Records from a data source:
==========

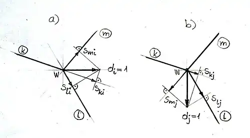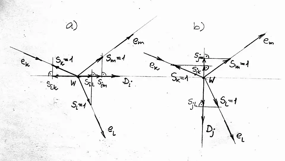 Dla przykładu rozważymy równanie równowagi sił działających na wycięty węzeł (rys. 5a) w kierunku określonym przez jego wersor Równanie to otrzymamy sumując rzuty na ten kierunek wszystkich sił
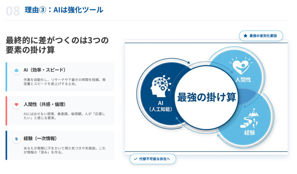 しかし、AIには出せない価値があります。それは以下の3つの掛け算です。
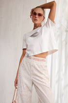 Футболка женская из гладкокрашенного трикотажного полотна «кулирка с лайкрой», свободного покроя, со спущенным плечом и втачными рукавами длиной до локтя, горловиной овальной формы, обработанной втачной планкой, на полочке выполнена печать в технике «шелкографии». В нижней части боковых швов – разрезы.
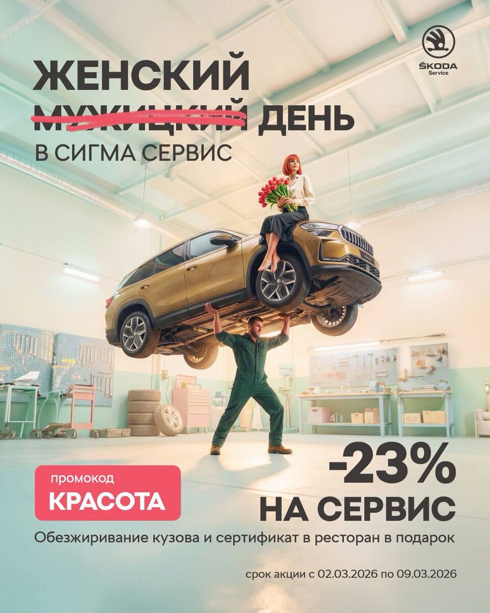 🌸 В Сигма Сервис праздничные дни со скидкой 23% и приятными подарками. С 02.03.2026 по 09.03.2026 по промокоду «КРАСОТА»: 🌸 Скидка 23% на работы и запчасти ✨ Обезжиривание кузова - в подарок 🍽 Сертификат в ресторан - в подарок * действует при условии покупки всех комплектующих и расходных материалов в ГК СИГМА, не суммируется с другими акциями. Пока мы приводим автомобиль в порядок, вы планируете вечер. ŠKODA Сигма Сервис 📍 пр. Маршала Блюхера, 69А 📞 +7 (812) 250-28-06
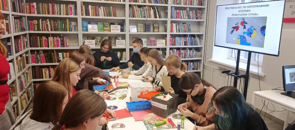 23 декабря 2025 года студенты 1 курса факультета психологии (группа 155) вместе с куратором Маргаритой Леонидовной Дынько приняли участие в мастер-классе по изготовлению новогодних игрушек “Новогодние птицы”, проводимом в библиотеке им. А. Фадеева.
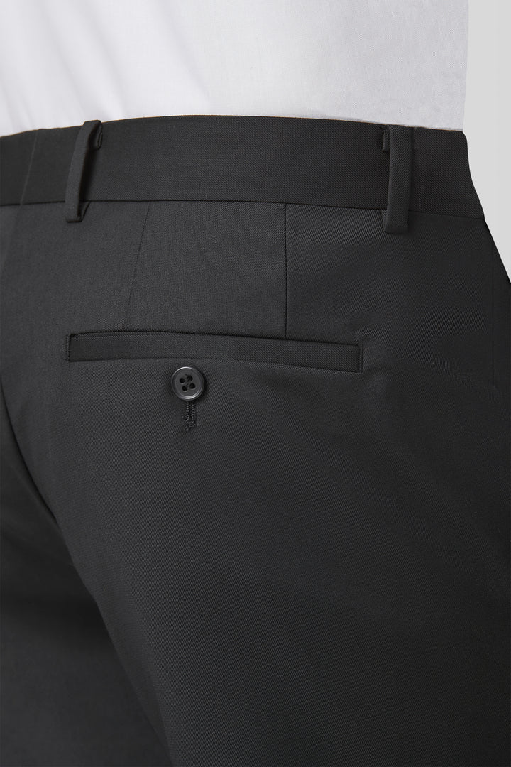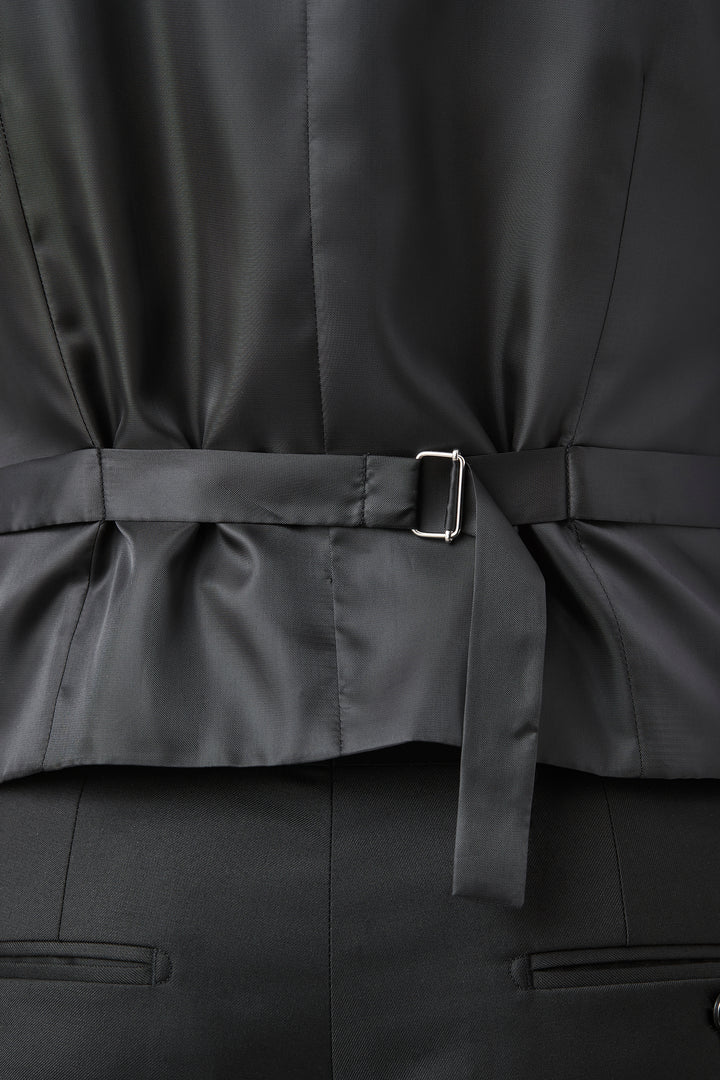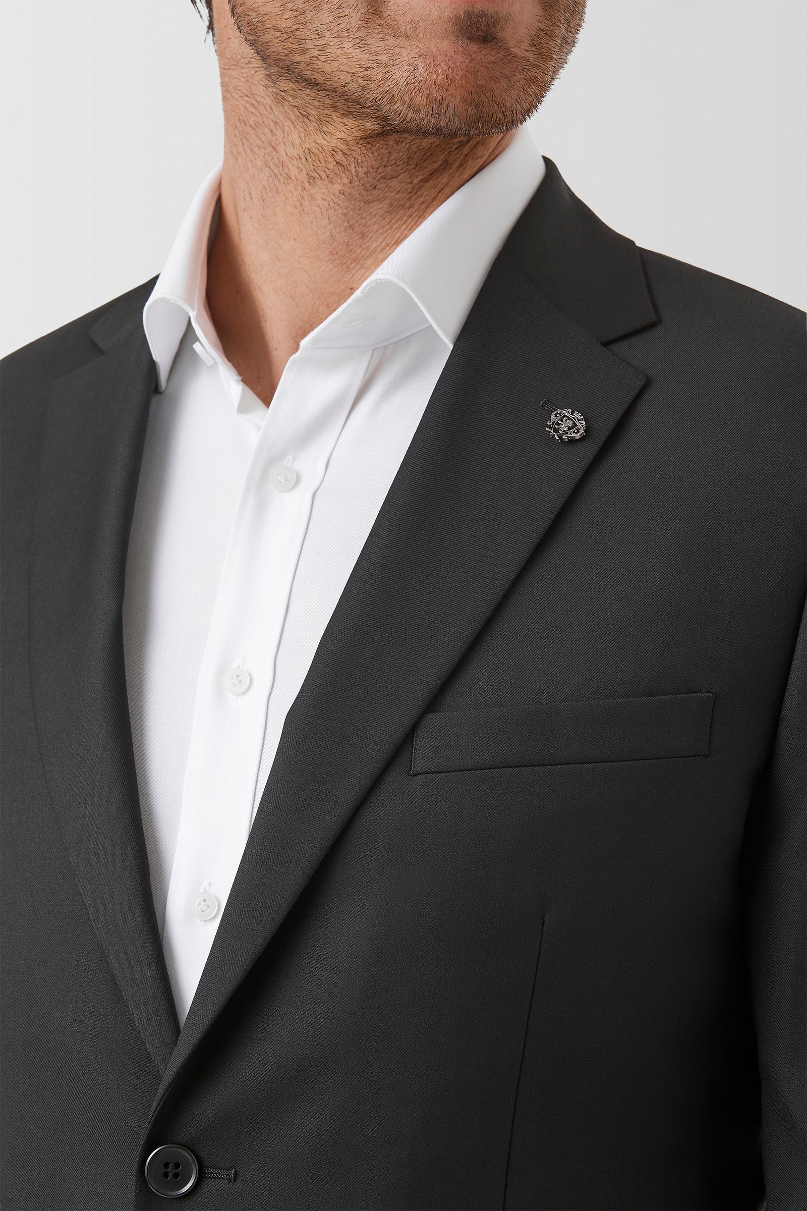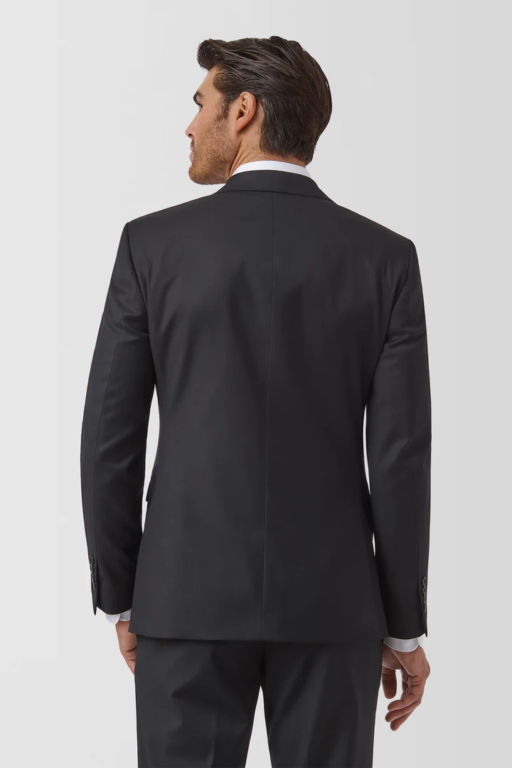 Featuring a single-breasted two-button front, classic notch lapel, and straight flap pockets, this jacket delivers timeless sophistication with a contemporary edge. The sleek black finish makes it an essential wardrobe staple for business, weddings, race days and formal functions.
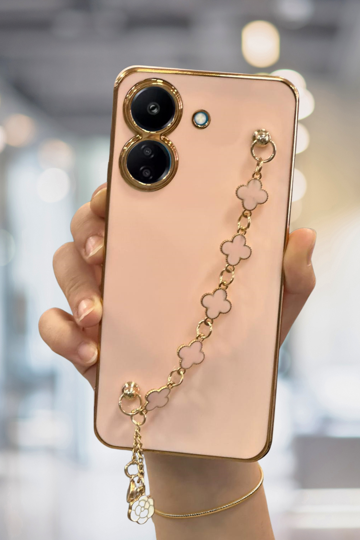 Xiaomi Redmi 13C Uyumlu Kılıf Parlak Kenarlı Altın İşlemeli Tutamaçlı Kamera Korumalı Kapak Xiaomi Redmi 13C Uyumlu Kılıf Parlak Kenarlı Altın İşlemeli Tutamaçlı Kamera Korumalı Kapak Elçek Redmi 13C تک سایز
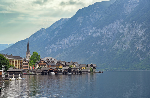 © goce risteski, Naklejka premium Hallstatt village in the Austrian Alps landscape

==========

▶ Task item
Starting with the line above that holds "69А 📞 +7 (812) 250-28-06", restate each line word for word up to and including the line that holds "23 декабря 2025". Drop the pictures.

▶ Response below
 🌸 В Сигма Сервис праздничные дни со скидкой 23% и приятными подарками. С 02.03.2026 по 09.03.2026 по промокоду «КРАСОТА»: 🌸 Скидка 23% на работы и запчасти ✨ Обезжиривание кузова - в подарок 🍽 Сертификат в ресторан - в подарок * действует при условии покупки всех комплектующих и расходных материалов в ГК СИГМА, не суммируется с другими акциями. Пока мы приводим автомобиль в порядок, вы планируете вечер. ŠKODA Сигма Сервис 📍 пр. Маршала Блюхера, 69А 📞 +7 (812) 250-28-06
 23 декабря 2025 года студенты 1 курса факультета психологии (группа 155) вместе с куратором Маргаритой Леонидовной Дынько приняли участие в мастер-классе по изготовлению новогодних игрушек “Новогодние птицы”, проводимом в библиотеке им. А. Фадеева.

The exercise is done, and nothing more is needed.